Лина вспыхнула и, улыбаясь и в то же время сурово сдвинув брови, сказала:
— Что ты, Натка! Полно! Глупости! Ради Бога чего-нибудь не сотвори.
— Успокойся, успокойся, cестринька. Никакой глупости не скажу.
С шаловливой, детской улыбкой, по-детски играя, взяв Лину за оба уха и смотря ей задорно прямо в глаза, Наташа сказала:
— Ну, а всё-таки не скрывай-ка ты от меня: любишь его?
Лина, спокойная, задумалась, тихо покачала головой и сказала:
— Не знаю… Что значит — любить? Как любить, когда не знаешь, любят ли тебя? Разве может быть любовь без отклика?
— Но ведь вот, давеча ты говорила же, что, когда он был очень внимателен ко мне, тебя это волновало. Ты назвала это завистью, а я говорю тебе, что это ревность и любовь.
Лина опять покачала головой и все с той же неуверенностью сказала:
— Да ревность ли? Зависть — да.
Помолчав, она продолжала:
— Вот говорят иногда, что ревность может возбудить любовь. Что ревностью поддерживают угасающую любовь. Что из-за ревности иногда делали решительный шаг: из страха потерять любимого человека — спешили. А я думаю, тот, кто возбуждает во мне ревность, скорей оттолкнёт, охладит меня, чем привлечёт. Если его влечёт к другой, если он не любит меня, если я ему не дорога, зачем же тянуться? Любовь, построенная на ревности — мне кажется, это ужасно не прочно.
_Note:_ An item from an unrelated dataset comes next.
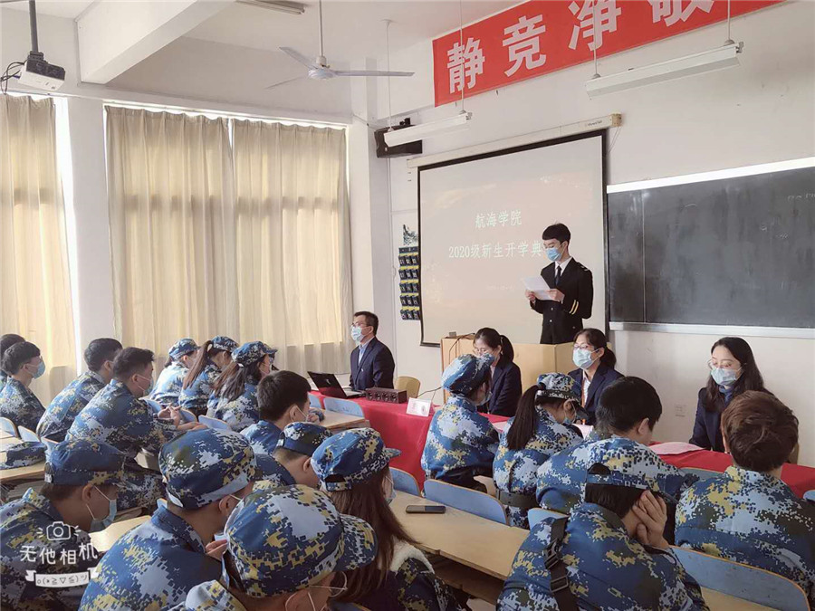 扬帆破浪踏足行,奋发向上勇攀登。10月15日上午,航海学院组织召开2020级新生开学典礼。根据疫情防控需要,为避免大量人员聚集,今年的开学典礼航海学院采用了分散进行的方式开展,分为1个主会场和5个分会场同步进行。学校副校长仉继航、副校长/航海学院院长吕明、教务处副处长李海燕、学生处副处长王冠伟、航海学院副院长李晓伟参加了主会场的开学典礼仪式。 团委、学生处、教务处和航海学院的其他几位中层干部参加了分会场的开学典礼仪式。

Наташа вспыхнула, и в восторге обняла и поцеловала сестру.
— Лина, душка моя, как ты хорошо говоришь! Как я тебя понимаю! Понимаешь, я никогда не думала об этом именно так; но вот, слушая тебя, я с тобой совершенно согласна. Знаешь, у меня был момент, когда я хотела увериться, что мой Анри действительно меня любит… когда ещё между нами не произошло окончательного… объяснения. Я чувствовала, что он хотел бы мне сказать: «Я люблю вас», но не решается: по застенчивости, или же просто ещё и сам, быть может, не верит, достаточно ли сильна его любовь. И я хотела дать ему толчок. Я попробовала флиртировать на его глазах с другим… чуть-чуть… осторожно… Я чуть заметными намёками давала ему понять, что тот мне симпатичен. И — мой Анри не стал от этого ни смелее, ни решительнее. Напротив, мне показалось, что смелость и решительность ушли от него ещё дальше. А вот, когда я как-то раз круто повернула в другую сторону, когда я открыто показала ему, насколько он мне дороже и ближе всех других, тогда и решительность, и смелость сразу сказались у него. И в глазах, и в словах. Почему ты думаешь, что Николай Николаевич, не может быть в таком же положении? Разве ты уже дала ему повод думать, что он тебе близок? Ты сделала что-нибудь в этом отношении, кроме обычных любезностей и гостеприимства хозяйки?
Лина в раздумье тихо ответила:
— Нет.
— Так ты сделай. Ведь это же так старо, Лина, что непременно первый шаг должен делать мужчина. Почему? Это просто даже архаично. О, если бы я действовала по-твоему, так и у меня с моим Анри ничего бы не вышло. Для таких исключительных натур, как он, первый шаг, быть может, труднее, чем для женщины. Такие натуры слишком любят, слишком уважают женщину вообще, чтобы не предоставить ей первое место в выборе… да и в самом признании…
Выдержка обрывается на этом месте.